Alicia Morgans: That makes a lot of sense too. So I'm wondering, as you're thinking about side effects, and you mentioned some associated with PARPs, but of course, we have side effects associated with all of our systemic therapies, what is your strategy in terms of trying to proactively share those side effects with patients, with clinicians who are new to using these strategies so that they can feel more comfortable and confident trying these treatments?

Robert Dreicer: With patient education, as we all know, I mean, look, it starts with T suppression, right? Many of us spend a lot of time talking about the nuts and bolts of metabolic changes because they're so impactful on our patients. So patient education is absolutely critical and having patients know what they might have to expect. It's a little harder with some of our colleagues simply because in an individual basis, being able to communicate side effect profiles to clinicians is challenging.

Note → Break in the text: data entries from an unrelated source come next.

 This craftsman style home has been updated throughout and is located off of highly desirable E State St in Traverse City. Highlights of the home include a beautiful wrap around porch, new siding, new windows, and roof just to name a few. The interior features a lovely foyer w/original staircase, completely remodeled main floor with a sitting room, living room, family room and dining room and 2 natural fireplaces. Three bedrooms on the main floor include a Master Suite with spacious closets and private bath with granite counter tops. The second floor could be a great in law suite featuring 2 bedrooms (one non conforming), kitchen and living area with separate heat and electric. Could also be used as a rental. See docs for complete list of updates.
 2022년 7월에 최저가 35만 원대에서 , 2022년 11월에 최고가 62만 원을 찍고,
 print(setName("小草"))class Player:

And that's where education comes in. And frankly, even if it's... In today's world, you take one doc at a time. If you hopefully can bring some information that will enlighten him or her about maybe a therapy that they don't use very often or may be able to say, "I don't give this therapy, but my colleague does. This is what I've been told to expect," I mean, setting the stage.
Because you and I both know our urologic colleagues really have enormous trust from our patients and enlisting them in being able to provide support and education and preparation for our patients increases the chance that the patient is going to show up, get the consultation, actually hear about therapy options.

Alicia Morgans: Absolutely. I want to just thank you again for sharing your thoughts and your expertise. Any final comments before we close?

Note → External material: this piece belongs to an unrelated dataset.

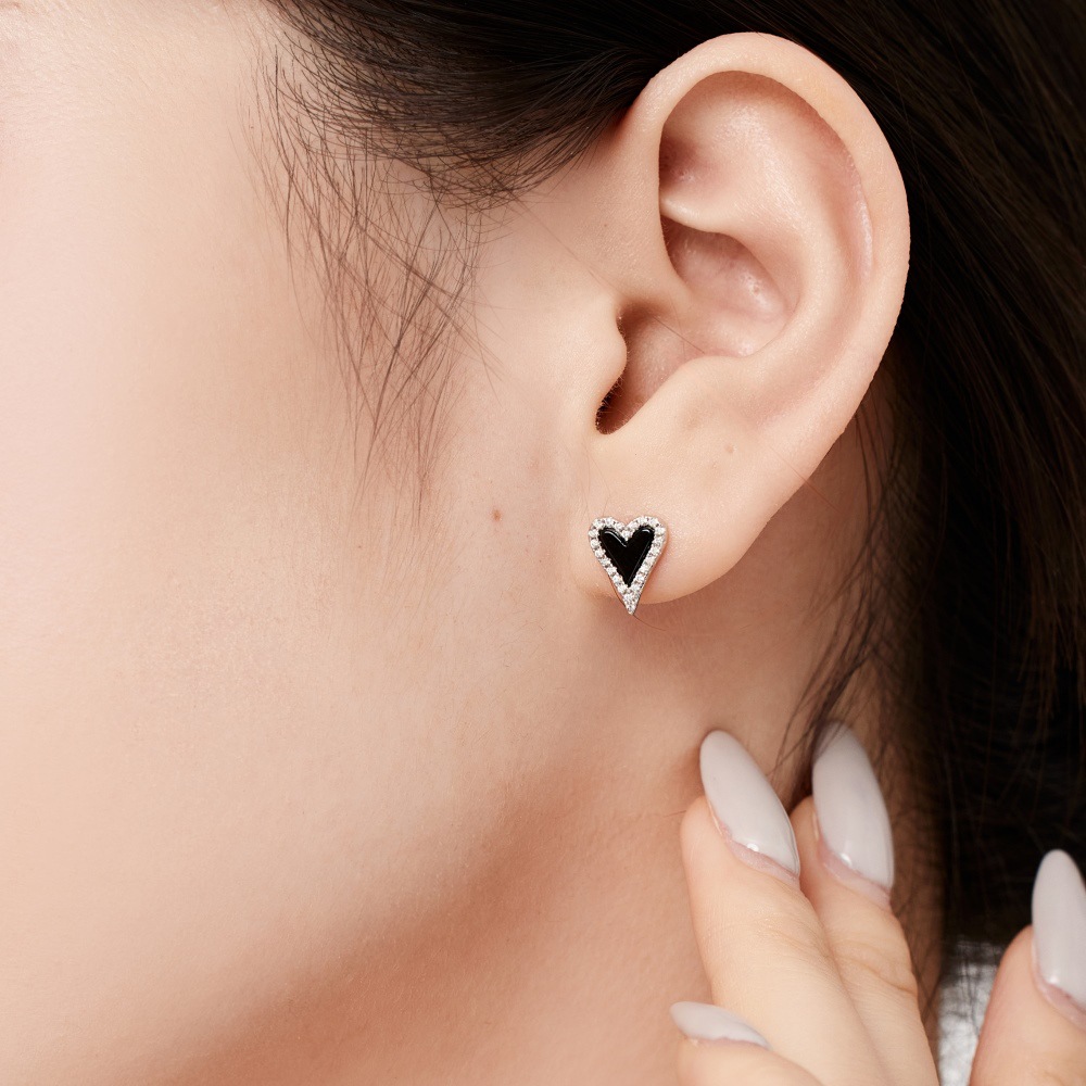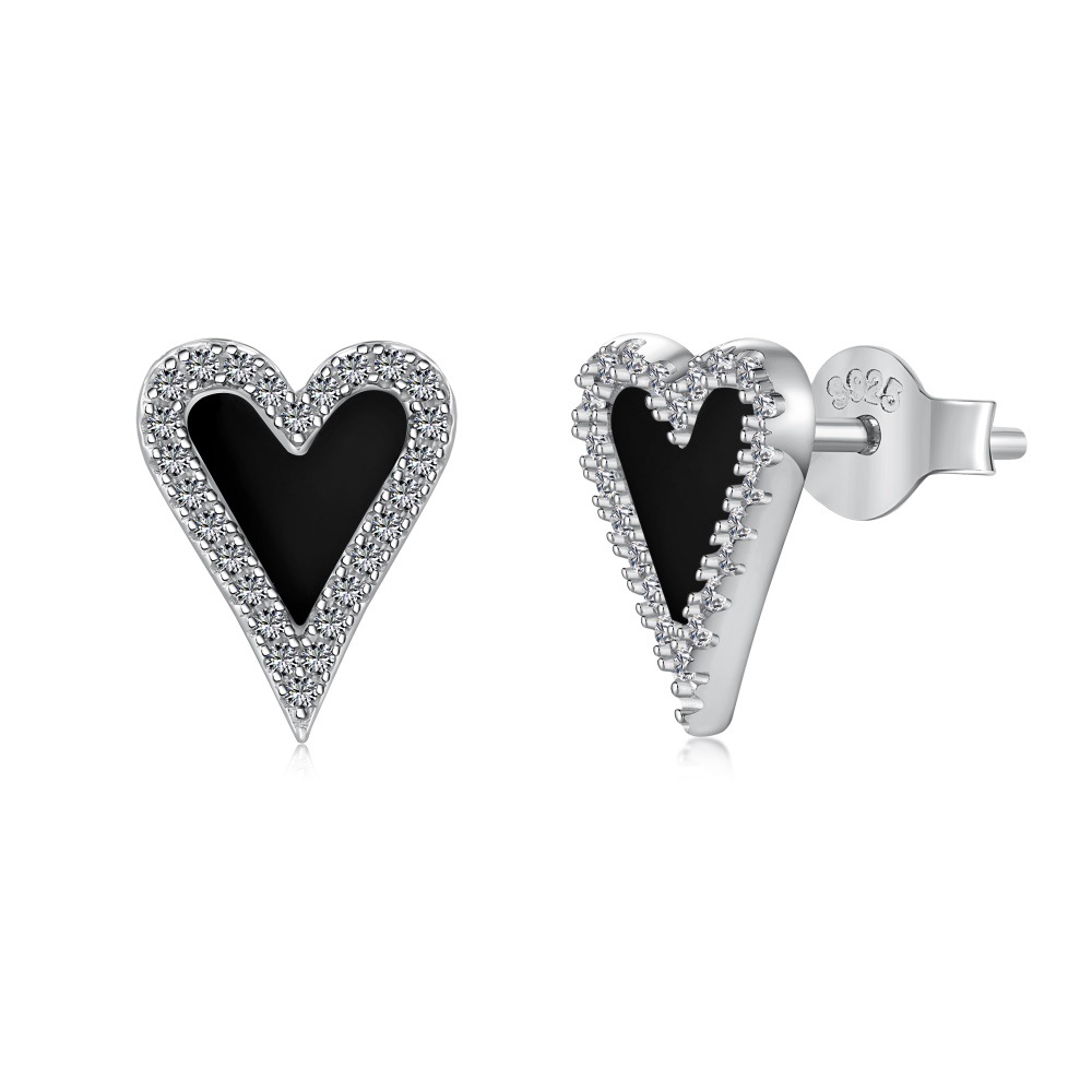 Silver S925 Black Agate Heart-shaped White Stud Earrings

Robert Dreicer: I would just emphasize the last issue. I mean, again, historically, there's been a lot of give and take about a lot of stuff. There are a lot of our colleagues who are experts in managing advanced prostate cancer. Some of them are urologists. Some of them are medical oncologists. And the reality is that to me is not the issue. The issue is if you're going to... In a sense, if you break it, you own it. So I think our colleagues need to be brought up to speed if you're going to manage this disease state to do it optimally.

Alicia Morgans: Absolutely. Well, thank you again, and we really appreciate your time and your expertise today.

Robert Dreicer: Thanks for the opportunity.